▶ _Input for this task_:
^^^^^^^^^^^^^^^^

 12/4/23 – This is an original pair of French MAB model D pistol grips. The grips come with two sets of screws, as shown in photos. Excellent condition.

^^^^^^^^^^^^^^^^

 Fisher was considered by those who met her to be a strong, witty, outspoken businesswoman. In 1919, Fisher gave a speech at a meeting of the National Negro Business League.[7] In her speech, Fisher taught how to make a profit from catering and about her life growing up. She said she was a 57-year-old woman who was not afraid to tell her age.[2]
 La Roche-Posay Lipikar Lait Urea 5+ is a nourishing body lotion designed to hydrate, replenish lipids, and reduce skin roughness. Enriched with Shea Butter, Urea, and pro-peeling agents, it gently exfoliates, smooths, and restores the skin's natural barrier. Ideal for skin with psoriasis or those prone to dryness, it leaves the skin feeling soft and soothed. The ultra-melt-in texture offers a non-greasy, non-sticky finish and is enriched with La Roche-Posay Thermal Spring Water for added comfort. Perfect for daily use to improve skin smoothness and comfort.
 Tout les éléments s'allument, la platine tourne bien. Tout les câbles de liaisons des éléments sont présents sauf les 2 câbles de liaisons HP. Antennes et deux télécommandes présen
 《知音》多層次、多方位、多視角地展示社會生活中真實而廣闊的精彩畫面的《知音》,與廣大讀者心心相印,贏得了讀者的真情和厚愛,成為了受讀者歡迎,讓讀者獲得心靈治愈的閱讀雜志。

^^^^^^^^^^^^^^^^

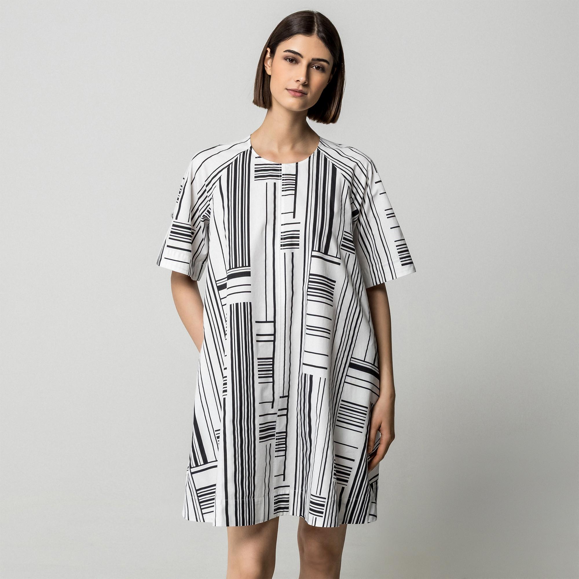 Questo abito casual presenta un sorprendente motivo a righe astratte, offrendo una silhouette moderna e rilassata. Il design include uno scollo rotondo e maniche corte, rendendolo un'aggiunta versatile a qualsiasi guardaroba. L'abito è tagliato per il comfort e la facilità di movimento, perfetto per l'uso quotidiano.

^^^^^^^^^^^^^^^^

▶ _Work request_: Wherever "those" appears in the listing, report the line it is on.

▶ _Solution to this problem_:
 Fisher was considered by those who met her to be a strong, witty, outspoken businesswoman. In 1919, Fisher gave a speech at a meeting of the National Negro Business League.[7] In her speech, Fisher taught how to make a profit from catering and about her life growing up. She said she was a 57-year-old woman who was not afraid to tell her age.[2]
 La Roche-Posay Lipikar Lait Urea 5+ is a nourishing body lotion designed to hydrate, replenish lipids, and reduce skin roughness. Enriched with Shea Butter, Urea, and pro-peeling agents, it gently exfoliates, smooths, and restores the skin's natural barrier. Ideal for skin with psoriasis or those prone to dryness, it leaves the skin feeling soft and soothed. The ultra-melt-in texture offers a non-greasy, non-sticky finish and is enriched with La Roche-Posay Thermal Spring Water for added comfort. Perfect for daily use to improve skin smoothness and comfort.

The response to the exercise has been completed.